Abstract

Summary

Mycobacterial interspersed repetitive unit-variable number tandem repeat (MIRU-VNTR) typing is widely used to genotype Mycobacterium tuberculosis complex in epidemiological studies for tracking tuberculosis transmission. Recent long-read sequencing technologies from Pacific Biosciences and Oxford Nanopore Technologies can produce reads that are long enough to cover the entire repeat regions in each MIRU-VNTR locus which was previously not possible using the short reads from Illumina high-throughput sequencing technologies. We thus developed MIRUReader for MIRU-VNTR typing directly from long sequence reads.

Availability and implementation

Source code and documentation for MIRUReader program is freely available at https://github.com/phglab/MIRUReader.

Supplementary information

Supplementary data are available at Bioinformatics online.

1 Introduction

Mycobacterial interspersed repetitive unit-variable number tandem repeat (MIRU-VNTR) typing is a polymerase chain reaction (PCR)-based method widely used to genotype Mycobacterium tuberculosis complex (MTBC) that causes tuberculosis (TB). MTBC isolates with identical MIRU-VNTR profiles can be clustered to identify epidemiologically linked cases (Supply et al., 2006). Although whole-genome sequencing (WGS) is demonstrated to have higher resolution for cluster identification (Wyllie et al., 2018), a large database of distinct MTBC isolates with MIRU-VNTR genotypes had been collected over the past decade worldwide by TB researchers and National TB control programmes (Allix-Beguec et al., 2008; Lim et al., 2013). To facilitate comparison and linking to these historical isolates (Chee et al., 2015), it is important that MIRU-VNTR genotypes can be determined from the WGS data.

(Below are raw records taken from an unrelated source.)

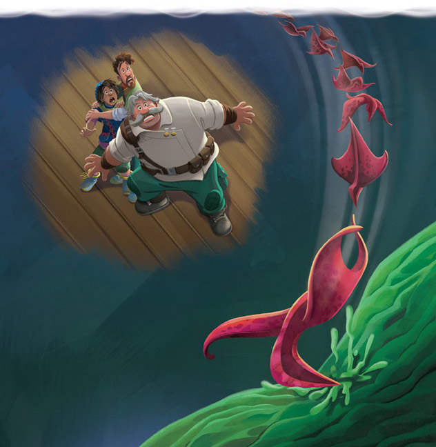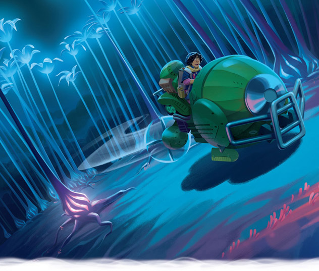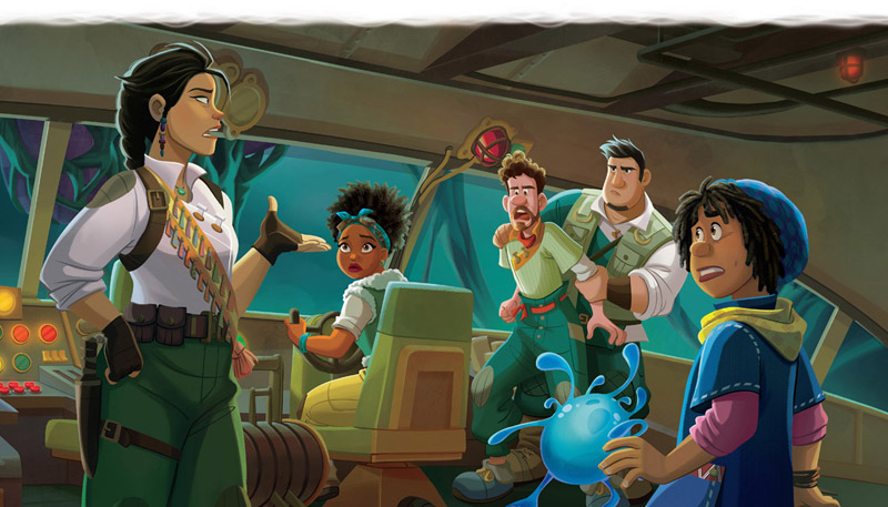 ¡Blop! Para sorpresa de todos, la Venture atravesó el suelo y fue a parar a un extraño mundo subterráneo.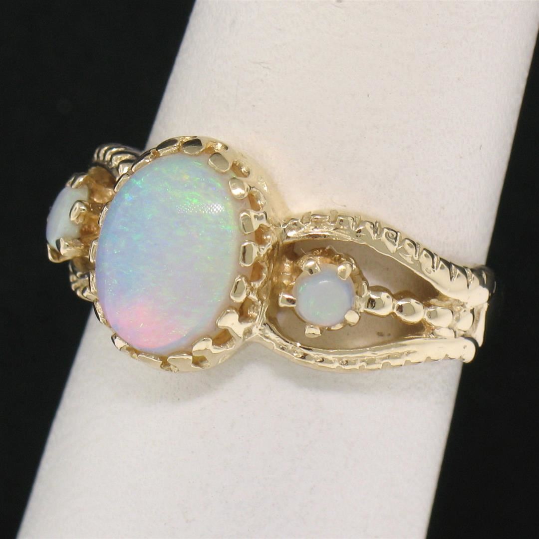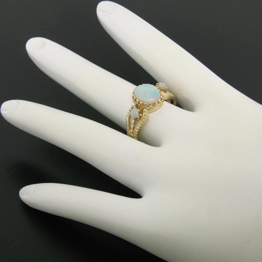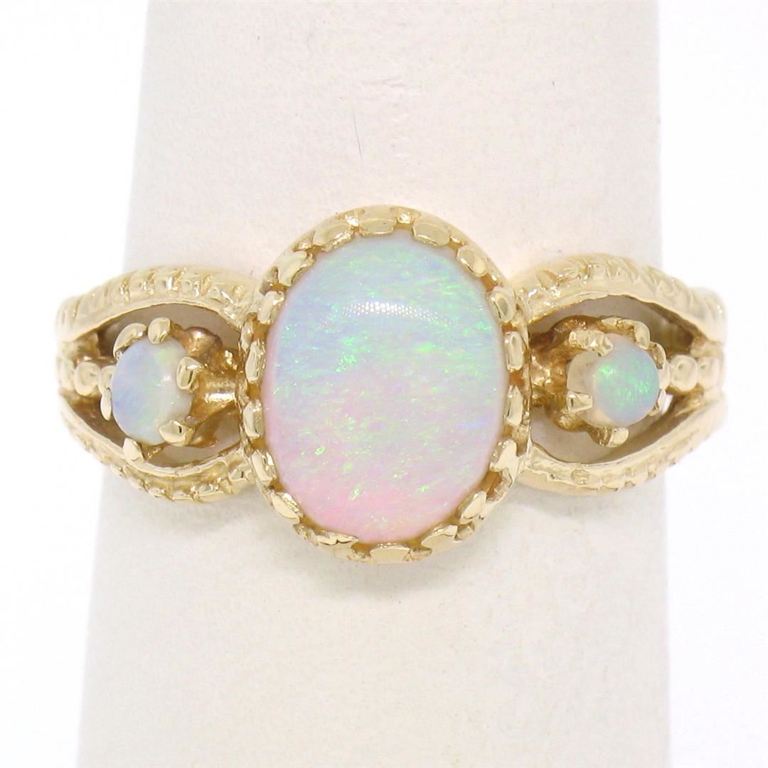 This gorgeous split shank band ring is crafted in solid 14k yellow gold and features 3 beautiful cabochon opals. The center opal is oval in shape and measures approximately 9.70x7.39mm. The center opal is flanked on either side by smaller, approximately 3.1mm round opals. each of the three opals in this ring show wonderful plays of green, violet, and red color. The shank is split into three sections and features a simple ribbed pattern. Enjoy!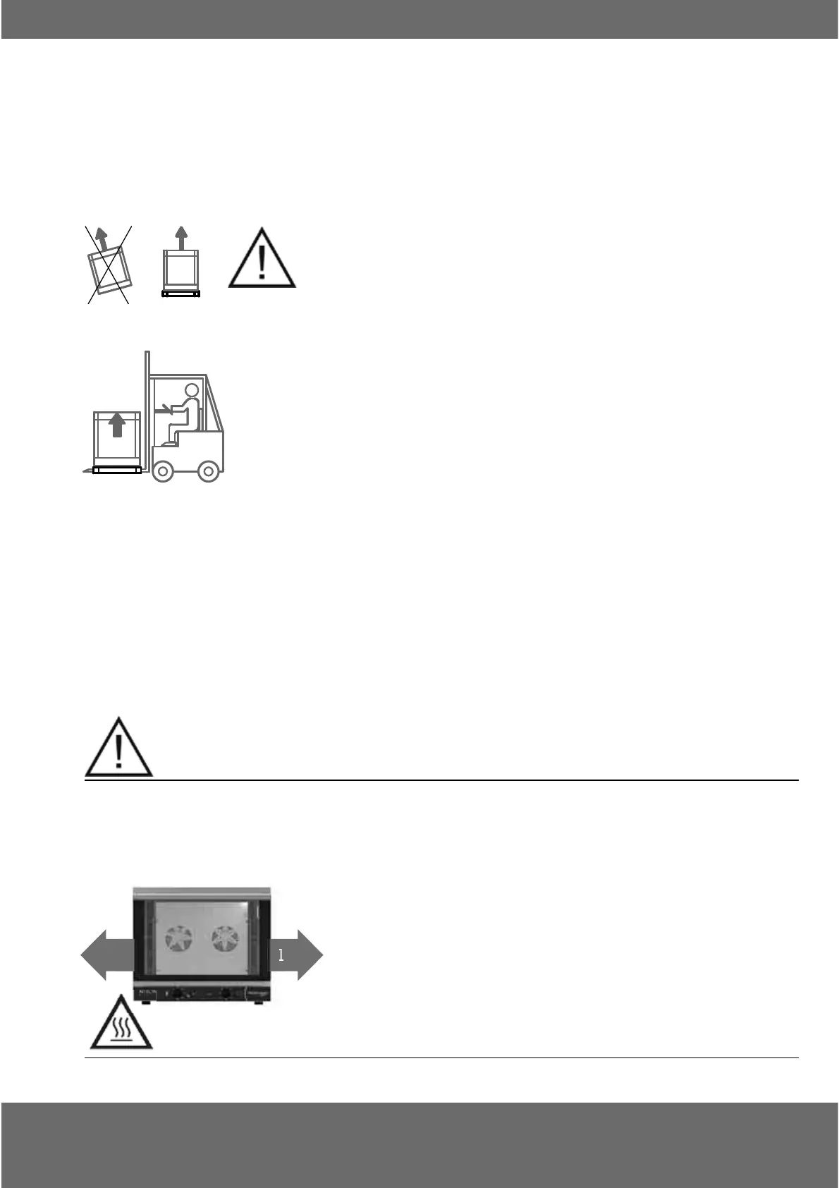 Beladen, Maße, Gewicht, Verdampfendes Wasserbecken, verstellbare Füße, elektrische Anschlüsse und Wartungsvorgänge.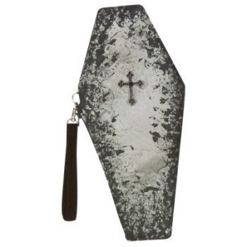 Getting done up as some creature of dead, living dead, undead, or just plain Gothic and dark? Then this is a must have accessory for that finishing touch. This little hand bag is shaped like a weathered coffin with a cross detail on front. A great Halloween costume!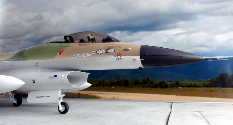 I did not bother to put too much effort in cockpit detailing as the canopy would be set closed with a pilot figure. Closing the canopy saves a lot of work as on previous kits. The FAV F-16A's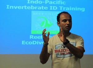 The course was conducted over two full days by two EcoDiver Trainers and Scuba Instructors from Dive Persia: Mohammad Hosseinpour (MSc. Ichthyology) and Nikoo Cheheltani (MSc. Marine Biology). The first day involved a classroom session which included an introduction to Reef Check, course presentations and an explanation of Reef Check methods. Even some non-divers participated in the classroom session to get familiar with the course. On the second day, which involved a practical session, diver participants were separated into four groups and asked to identify Reef Check target species and practice Reef Check methods underwater. The training went well and all student divers passed the tests.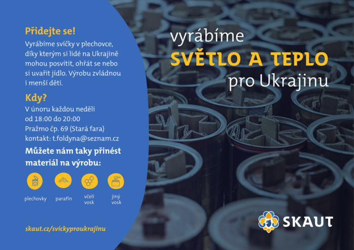 Naše oddíly pomáhají již od začátku ruské invaze na Ukrajinu v únoru 2022. Nyní vás prosíme o pomoc při vyrábění zákopových svíček pro tamější civilisty a vojáky. A proč tyto svíčky vůbec vyrábíme? Ruské útoky ničí celá města, někde nejde elektřina, nefunguje topení. A vojáci také potřebují mít možnost v nouzi se osušit, ohřát. A také jim všem dáváme najevo, že jsme na ně nezapomněli, že na ně myslíme, že nám není jedno jejich osud, vždyť naše vlast také zažila ruskou okupaci.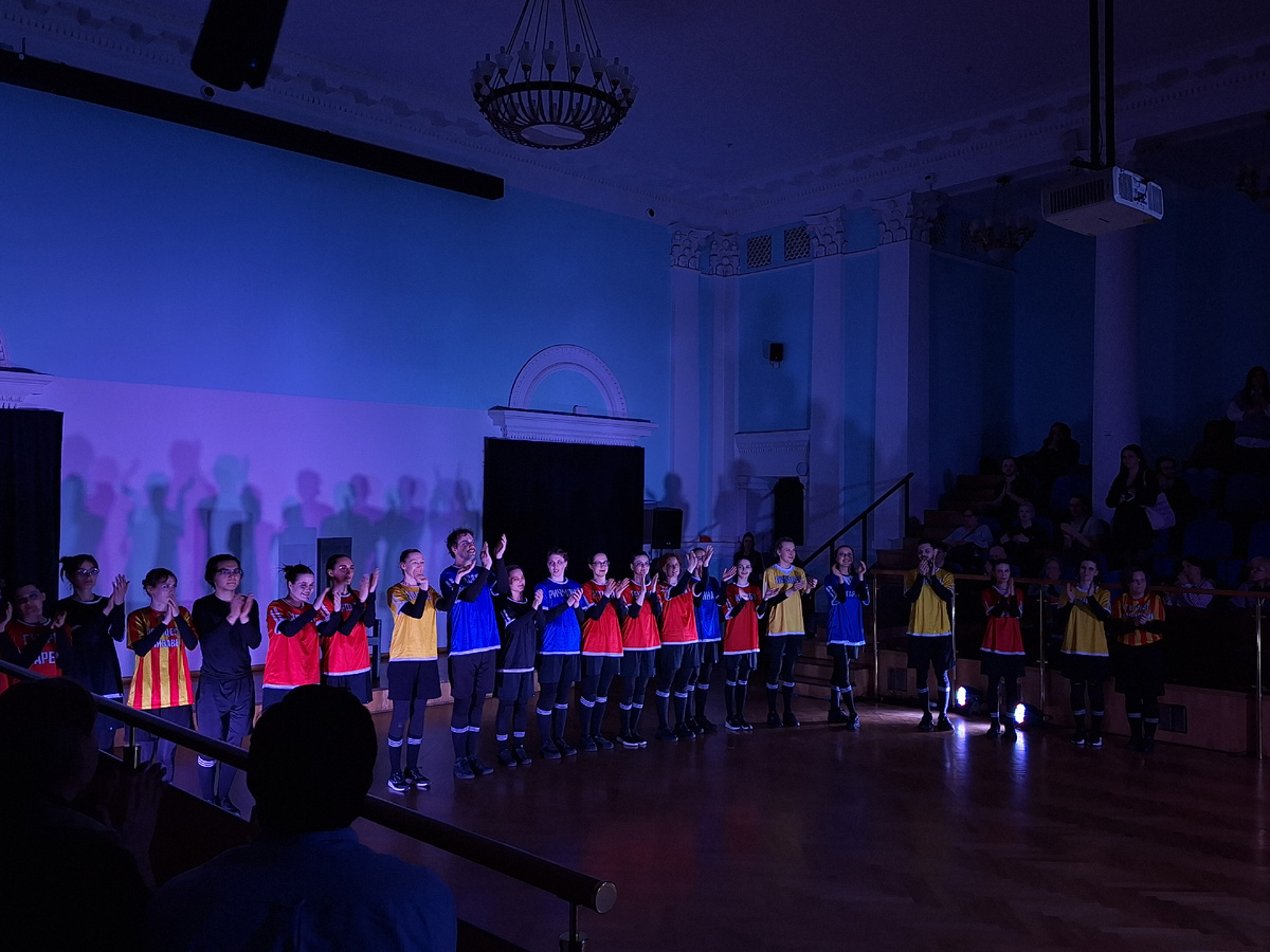 Второй пролог случился уже перед началом спектакля. И скажу, что это прямо было очень кстати! Мне кажется, все мои коллеги были благодарны таким вводным и шли подготовленными на спектакль. Я не могу назвать себя большим знатоком Шекспира (знаю, только если, общую канву произведений), а про футбол - я вообще молчу. Но, переживать на тему футбола совершенно не стоит: голы, пасы и пенальти исключительно в словесной шекспировской форме. От себя лично добавлю: имена на майках очень помогают сориентироваться и не терять нити интриг. Кстати, "Ричард III" - одна из самых населённых пьес Шекспира. Вместо того, чтобы копаться в голове в поиске имени героя - просто читаешь имя. Меня вообще через какое-то время перестала смущать спортивная форма и отсутствие исторических костюмов. А плюсом я вспомнила, что уже как-то видела эту пьесу в театре в классическом исполнении, но на этом все - больше я ничего не могла вспомнить( Ещё момент: кажется, я начала понимать то, что трагедия - это может быть очень смешно. Я наблюдаю это уже у второго режиссера (первым был Василиос Самуркас с древнегреческими мифами). Было недавно ещё пара спектаклей по русской классике, где мне серьезности не хватило. Теперь надо подумать про это...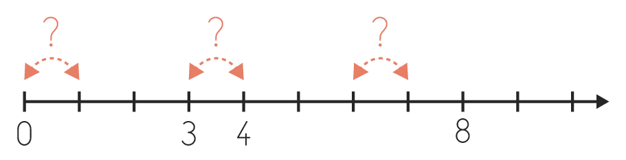 Réponse attendue : en comptant de 0 à la graduation 3/4/8 de 1 en 1, on arrive à 3/4/8.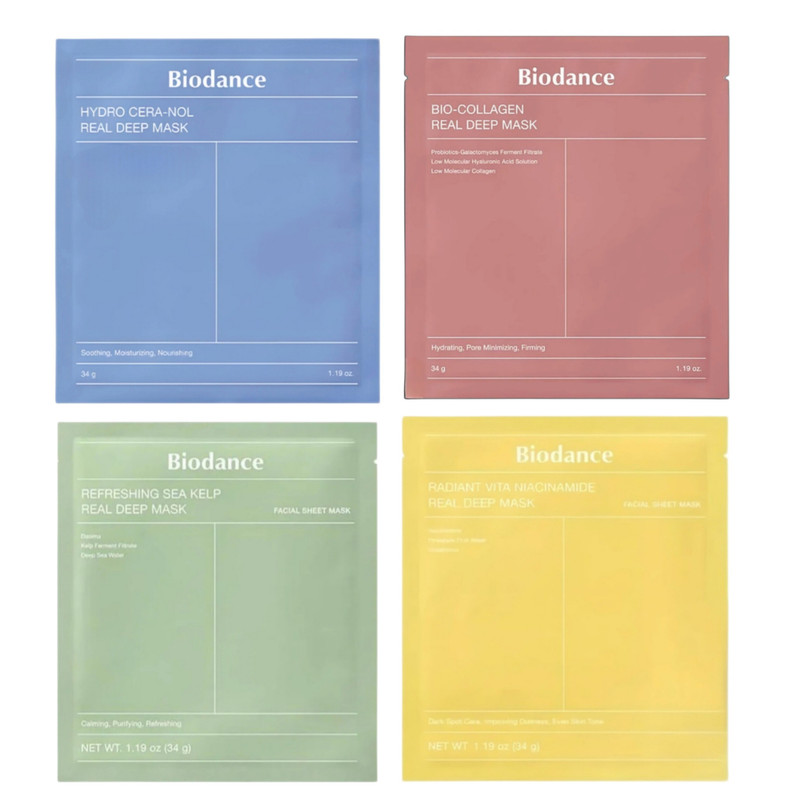 ماسک صورت بایودنس مدل کلاژن جلبک دریایی آبرسان نیاسینامید مناسب انواع پوست وزن 34 گرم بسته 4 عددی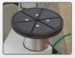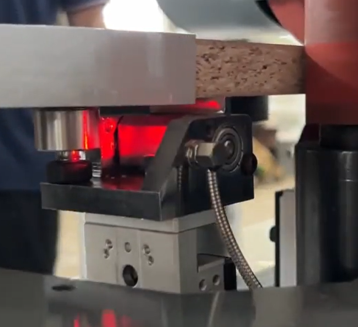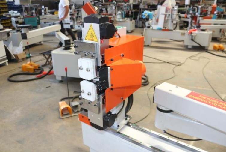 A máquina conta com motor de 3 kW e velocidade de avanço regulável, que pode ser ajustada entre 3.500 mm/min (baixa) e 7.000 mm/min (alta), garantindo produtividade de acordo com a necessidade do operador.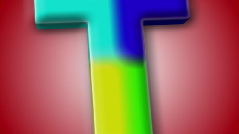 Color-shifting 3D animation of letter T set on a red gradient canvas, designed for creatives in this and digital media. Pro Video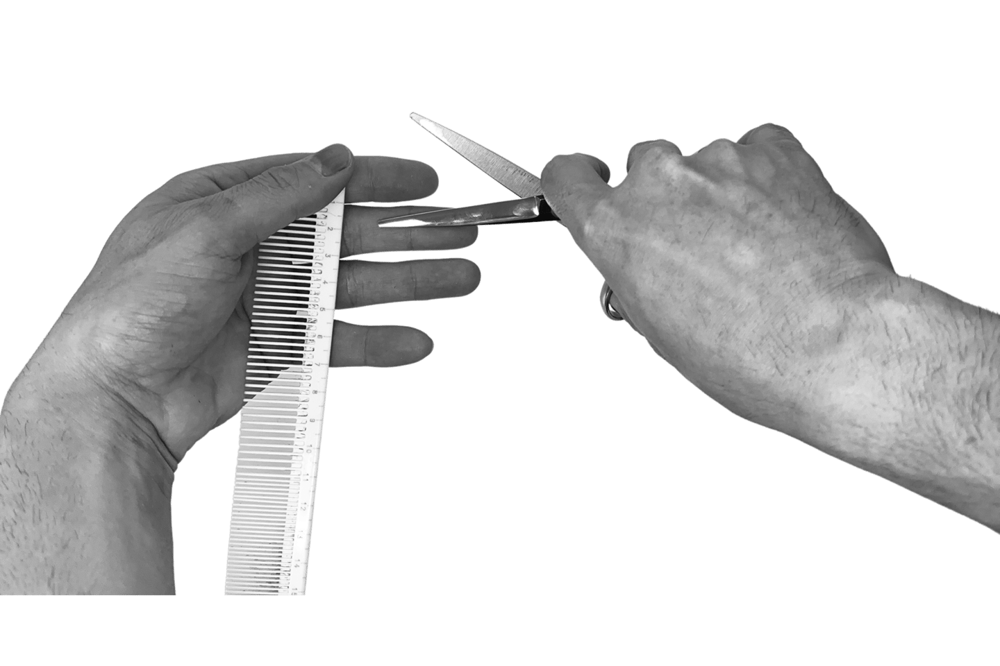 En el momento que tomamos el cabello entre dedo índice y corazón de la mano no sujeta la tijera, se procederá al corte, es entonces cuando la hoja fija de la tijera, deslizará sobre el dedo corazón mientras que la hoja móvil va ejecutando el corte. A esta técnica se la denomina: Línea de corte o punto de sección liso.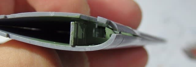 後は内側から付けないとだめなので、先に機体を貼り合わせてしまうと「エライこと」になります(^^;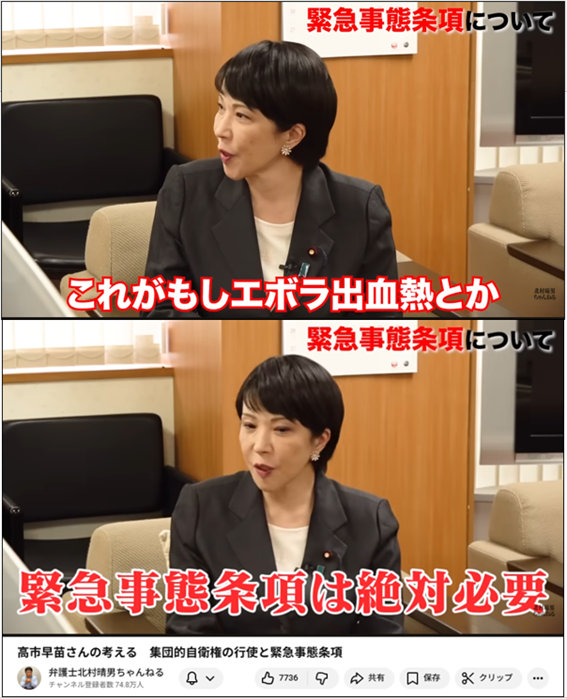 首相になる前の高市氏は、コロナ“プラン”デミックを緊急事態条項新設の根拠とした安倍元首相に倣い、エボラ出血熱“プラン”デミックを根拠としていた。

MIRU-Profiler is a tool that performs MIRU-VNTR typing from complete genomes and draft assemblies (Rajwani et al., 2018). However, de novo genome assembly is usually computationally intensive and requires significant amount of time. Recently, sequencing platforms from Pacific Biosciences (PacBio) and Oxford Nanopore Technologies (ONT) can generate long reads (1–100 kbp) (Ameur et al., 2019) that span the entire tandem repeats for each MIRU-VNTR locus. We thus develop MIRUReader, a software tool that can rapidly determine MIRU-VNTR genotypes from either the long reads directly or assembled genomes, considering the high sequencing errors.

2 Implementation and datasets used

MIRUReader is written in Python and accepts sequencing reads in FASTQ or FASTA format. The primersearch program by EMBOSS (Rice et al., 2000) is used to scan long reads to find amplicons flanked by the PCR primers for each locus with maximum of 18% mismatch. For each MIRU-VNTR locus, zero, one or more amplicons could be identified. The repeat number each amplicon corresponds to can be deduced from the amplicon length and an allele calling table (Weniger et al., 2010), mimicking the laboratory protocol in determining the 24-locus MIRU-VNTR profile. Amplicons longer than 1828 bp are excluded from analysis. This will result in a set of repeat numbers for each MIRU-VNTR locus. The mode will thus be assigned as the repeat number for that locus. If multiple modes exist, the mismatch in the primer sequences alignments obtained through primersearch will be analyzed. The modal repeat number that has the lowest total number of mismatches in the alignments will be the assigned repeat number for the locus. In situations where the modal repeat numbers have equal total number of mismatches, the locus will have multiple repeat numbers. For example, locus MIRU2996 for sample MTB08 was assigned two repeat numbers (Supplementary Table S1). If no amplicon is detected, the locus will be assigned ‘ND’. MIRUReader outputs the 24-locus MIRU-VNTR pattern to the display screen in a tab-delimited format that can be redirected to a text file and viewed in Excel spreadsheet.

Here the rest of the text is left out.